Zu einem vollständigen Satz gehören nämlich zunächst einmal die 22 Karten der sogenannten Großen Arkana. Dieser Ausdruck wurde erst von Paul Christian (1811 - 1877) eingeführt (» Geschichte des Tarot). Bis dahin hießen diese Karten "Trümpfe", italienisch "Trionfi". Man nimmt nämlich an, daß diese Karten mit den Triumphwagen korrespondierten, die im italienischen Mittelalter zu festgelegten Themen ausgestaltet wurden. Es sollen bis zu 200 Wagen in einem Zug mitgefahren sein. Reste dieser Tradition finden wir in den Karnevalsumzügen, wie sie auch in Deutschland noch Brauch sind.
Es sind auch Sätze mit 40 Karten überliefert, aber im großen und ganzen ist die Tradition recht stabil. Die Bilder auf den Karten sollen sich auf antike Mythen beziehen; die Anfänge verlieren sich im Dunkeln. Ob die Karten den Wagen folgten oder die Wagen die Karten illustrierten, kann nicht mehr geklärt werden. Spätestens um 1500 wurden die Karten zum Glücksspiel benutzt; man weiß das aus der Hetzrede eines Franziskanermönches, der die Namen sämtlicher 22 Trümpfe aufgezählt hat.
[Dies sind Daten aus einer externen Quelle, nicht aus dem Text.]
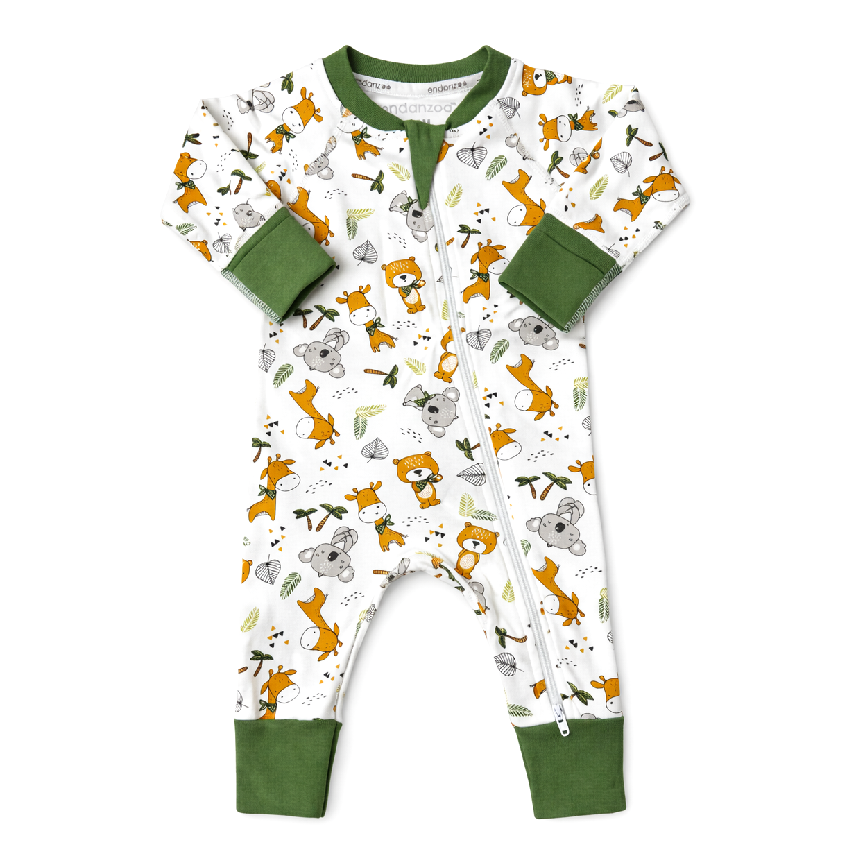 Personalized with Baby's Name. This organic blankie is ultra soft and great for babies to hug. It's GOTS certified organic cotton, low impact fabric dye and the filler is 100% naturally hypoallergenic corn fiber. - Endanzoo Classic Snuggle Organic Long Sleeve Double Zippered Romper - Jungle Cuties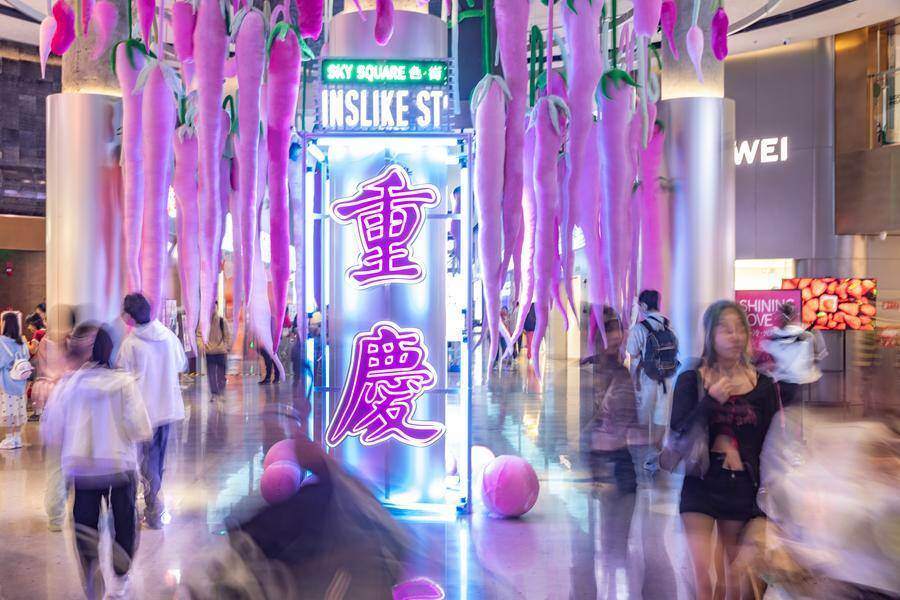People visit a shopping mall in southwest China's Chongqing, on May 4, 2024. (Xinhua/Huang Wei)

Im 19. Jahrhundert stieg das Interesse am Tarot, deutsch: Tarock, stark an. Paul Christian (1811-1877, eigentlich Jean-Baptiste Pitois) beschäftigte sich mit Astrologie, Magie und Tarot. Als Archivar der französischen Regierung hatte er Zugang zu Klosterbibliotheken, die bei der französischen Revolution beschlagnahmt worden waren. Man hat vermutet, daß er dabei auf okkulte Schriften zum Tarot gestoßen ist, kann das aber bis heute nicht beweisen. Jedenfalls beschreibt er in seinem Buch "Histoire de la Magie" eine Zeremonie in 78 Stufen aus dem Alten Ägypten, deren letzte Szene in einer Halle stattfand, in der die 22 Trümpfe bildlich dargestellt gewesen sein sollen. Der von ihm eingeführte Begriff Arkana bedeutet "Geheimnis".